Ingredients
- Seedless dates - 500 g
- Eggs - 5
- All purpose flour - 250 g
- Powdered Sugar - 250 g
- Vanila extract - 3 tsp
- Baking powder - 1.5 tsp
- Baking soda - 1 tsp
- Butter - 250 g
Recipe
- Soak dates in 1 cup of hot water with 1 tsp of baking soda - previous day
- Bring butter to room temperature 4 hours before prep
- Press the soaked dates with a laddle and blend it in a blender until it becomes a paste (don’t have to drain the left over water in the dates before blending)

- Separate the white from the yellow of the eggs
- Beat the white with the beater until it becomes frothy
- Beat the butter in a separate bowl and then add sugar and beat as well. It should become a fine gel
- Add the frothy egg white to the butter/sugar mixture and blend it in
- Beat the yellow and add it as well and blend it in
- Mix all purpose flour with-baking powder and 1 pinch salt
- Add 1/4 of the flour mixture to the batter mixture while mixing clockwise with a laddle (DO NOT USE A BEATER). After its fully mixed add another 1/4 and repeat until all the flour mixture is added to the batter.
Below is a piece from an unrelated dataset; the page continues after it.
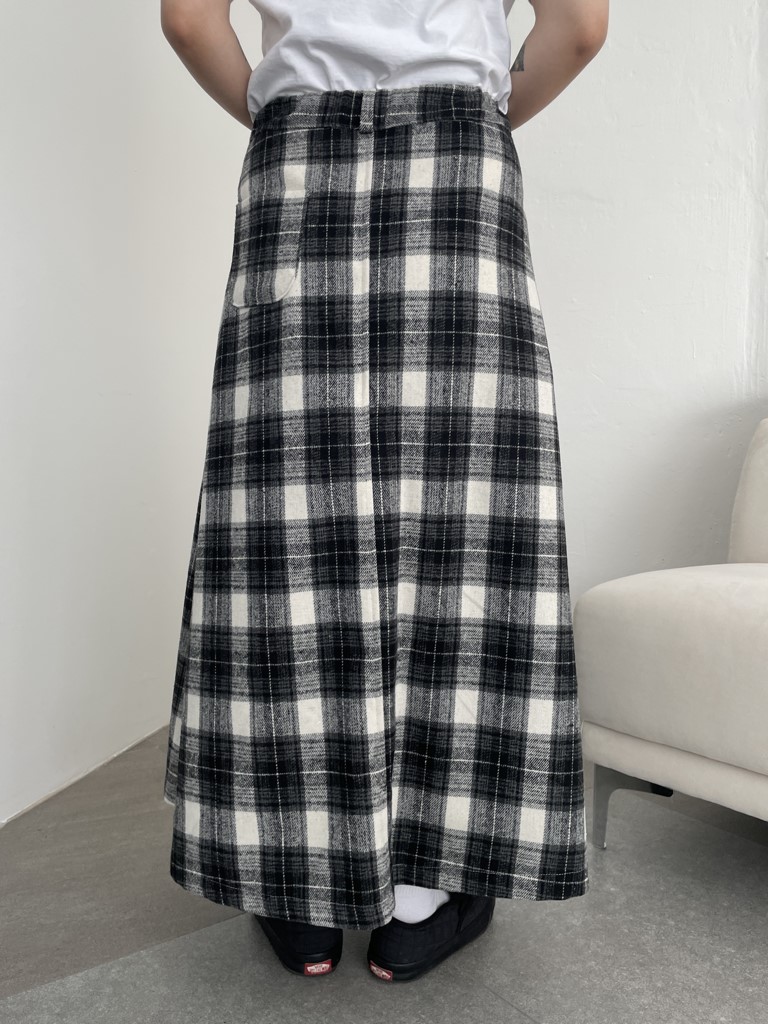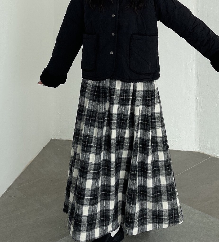 品名:时尚黑白格纹a字长裙 ◎※☞颜色:베이지, 블랙 ◎※☞尺寸:FREE ◎※☞材质:羊毛 10%,聚酯 90% 翻译

- Add the ground dates and vanilla extract to the batter andd mix them

- Pre-heat oven to 350 F (190 C)
- Add the mixture to cake tray after coating it with butter to prevent the cake from sticking
- Set timer for 20 minutes and place the cake tray in pre-heated oven
- After 20 minutes reduce the temperature to 325 F and bake for 10 more minutes
- Finally reduce the temperature to 300 F and bake for 10 more minutes
- Gently poke the cake with a fork or toothpick to check for consistency. If the cake is not fully cooked the fork will dig in easily.
- If the cake is not fully cooked let it bake for 10 more minutes (optional) ONLY if it doesn’t appear too burned on the outside
- Once fully cooked remove the cake from the oven and invert it onto a tray. The cake should drop easily onto a flat surface
- If there is dark rim on the cake delicately trim them away
- Slice and serve. Enjoy!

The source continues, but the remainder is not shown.